Health

Spotlight: The long, triumphant battle for contract support costs


Health Services-JWS
The Southern Ute Indian Tribal Council is currently reviewing options and making plans for the future of the tribal health care system. To highlight the council’s efforts and increase awareness of the history and nature of the system as it exists today, and perhaps provide a look at where it might go, the Drum presents a package of stories on its past, present and future.
Photo Credit: Jeremy Wade Shockley | The Southern Ute Drum

Editor’s note: For more stories from our Spotlight on Tribal Health series, click here.

The Tribal Member Health Committee recommended the tribe take over the operation of the Southern Ute Health Center through an Indian Self-Determination Act contract. So the Tribal Council directed the tribe’s attorneys, Monte Mills and Steve Boos, to start negotiations for a self-determination contract with the U.S. Indian Health Service in Albuquerque.

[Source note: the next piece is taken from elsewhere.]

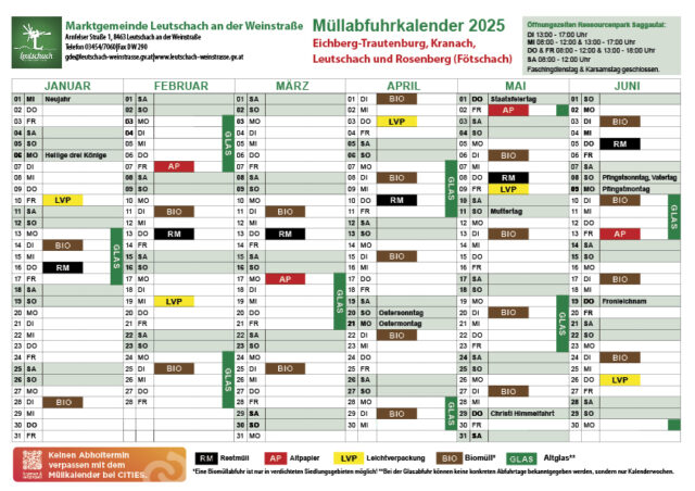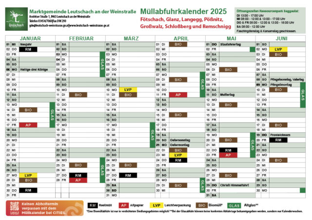 Da die Firma Poscharnegg schon sehr früh mit der Müllabfuhr beginnt, werden Sie ersucht die Mülltonnen und Säcke bereits am Vorabend rauszustellen.

Meetings began in early 2005 and seemed to go well. Issues concerning the scope of the contract and the amount of money that would be payable to the tribe had all been worked out. It looked as though the contract would be signed by the summer of 2005.

Then everything changed as the result of a U.S. Supreme Court decision.

The Indian Health Service had taken the position that it could decide to not honor the terms of self-determination contracts with tribes, especially with regard to the payment of contract support costs. In a case entitled Cherokee Nation v. Leavitt, the Supreme Court said that IHS actually had to keep the promises it made to tribes in self-determination contracts and ordered that the IHS pay about $13 million in unpaid contract support costs to the Cherokee.

Indian Health Service officials were not happy, to say the least.

Immediately after the Cherokee decision was published, the IHS adopted a rule saying that new self-determination contracts had to contain language stating that the tribe agreed to waive its right to receive contract support costs. The language would leave it entirely up to the IHS to decide whether it would ever pay contract support costs to a tribe.

The Albuquerque area IHS staff came to the tribe and told its attorneys that this new language would have to be inserted in the tribe’s self-determination contract. They threatened to decline the tribe’s contract if it did not agree to the language waiving the tribe’s right to receive contract support costs.

The tribe’s attorneys advised the Tribal Council that the IHS demand was illegal and that the tribe should not agree to include the contract support cost waiver language in the contract.

The Tribal Council agreed and told the attorneys to litigate rather than agree to the illegal language. This message was communicated to the IHS, which then declined the tribe’s contract proposal.

The tribe filed suit against the IHS in the U.S. District Court for New Mexico. Initially, the tribe prevailed when the federal judge ruled that the declination of its contract proposal was illegal and ordered the IHS to enter into the self-determination contract for the Southern Ute Health Center.

But the IHS said that it couldn’t sign the contract, which included a requirement to pay the tribe contract support costs, because it didn’t have the money to pay any contract support costs. The Indian Health Service asked the judge to clarify his first ruling, and he then directed that language be included in the tribe’s contract stating that it was currently entitled to receive $0 in contract support costs.

The judge’s order did not comply with the requirements of the Indian Self-Determination Act, so the Tribal Council directed that an appeal of the order be filed with the U.S. Court of Appeals for the 10th Circuit in Denver.

The tribe’s attorneys filed the appeal. At the same time, the IHS filed an appeal of the ruling that its declination of the tribe’s contract was illegal.

In 2011, the Court of Appeals rejected the IHS appeal and upheld the ruling that the IHS declination of the tribe’s contract because it would not include the contract support cost waive language was illegal.

The court went on to rule in favor of the tribe on the issue of whether its contract must include language that the tribe was entitled to $0 in contract support costs. The Court of Appeals decided that this language was prohibited by the Indian Self-Determination Act.

The IHS lost a method for strong-arming tribes into giving up their rights to receive contract support costs. The tribe was happy with this outcome, but the IHS wasn’t. So the IHS asked the U.S. Supreme Court to review, and reverse, the decision of the Court of Appeals in favor of the tribe.

Supreme Court review of a decision like this one is not automatic; the Supreme Court can decide to not hear a case like the tribe’s case. When the IHS filed a brief asking the Supreme Court to review the tribe’s case, the tribe filed a brief saying that the IHS request should be denied.

The Supreme Court agreed with the tribe and denied the IHS request to review the Court of Appeals decision. The tribe had won after a seven-year battle.

As a result, the tribe now has the legal right to collect 100 percent of the contract support cost money stated in its self-determination contract.